According to KTDA CEO Lerionka Tiampati, this week alone a kilo of made tea sold at an average price of Sh179.26 for small holders against Sh272.79 the same period last year which is the lowest price realised since 2008.

He attributes the sharp drop in prices to oversupply of tea in the market as a result of favourable weather conditions and vastly improved crop husbandry.

“This is a very steep drop in prices compared to previous years. However, this is not a unique phenomenon. In 2008, tea prices dropped drastically from Sh290.11 to Sh202.98 and this affected farmers earnings.

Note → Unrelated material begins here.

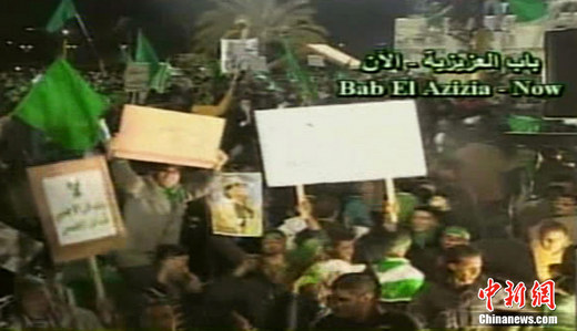 当地时间3月22日晚,多国部队对利比亚发动19日以来的第4轮空袭。22日深夜,利比亚领导人卡扎菲站在他被导弹袭击官邸的阳台上向大批支持者发表演,指责西方国家对利比亚发动的军事行动是“十字军国家对伊斯兰国家发动的新十字军东征”,并且表示他和他的支持者将在对反叛武装和多国部队的战斗中奋战到底,取得最后的胜利。图为利比亚国家电视台的截图。

The short term situation may look bleak, but in the long term, prices will rebound as production and consumption balance out,” Tiampati said.

Farmers have now been urged to borrow carefully in line with anticipated reduced earnings adding that with the onset of the long rains, prices may take longer to recover to previous levels due to high production.

In the 2012/2013 financial year, Kenya produced 432 million kilogrammes of tea compared to 370 million kilogrammes in 2011/2012, an increase of 62 million kilogrammes.

In 2013, 384 million kilogrammes of tea were sold at the Mombasa auction compared to 322 million kilogrammes over a similar period in the previous year.

Tiampati says tea producers in the country will be negatively affected by the drop in tea prices, and this is expected to have a negative impact on tea earnings by farmers this year.

The decreased earnings are also likely to affect the economy, as tea is the number one foreign exchange earner in the country.

Last year, the small scale tea farmers earned a total of Sh35.6 billion as second payment (bonus) at an average rate of Sh31.65 per kilo of green leaf, against Sh33.9 billion earned in the 2011/12 financial year.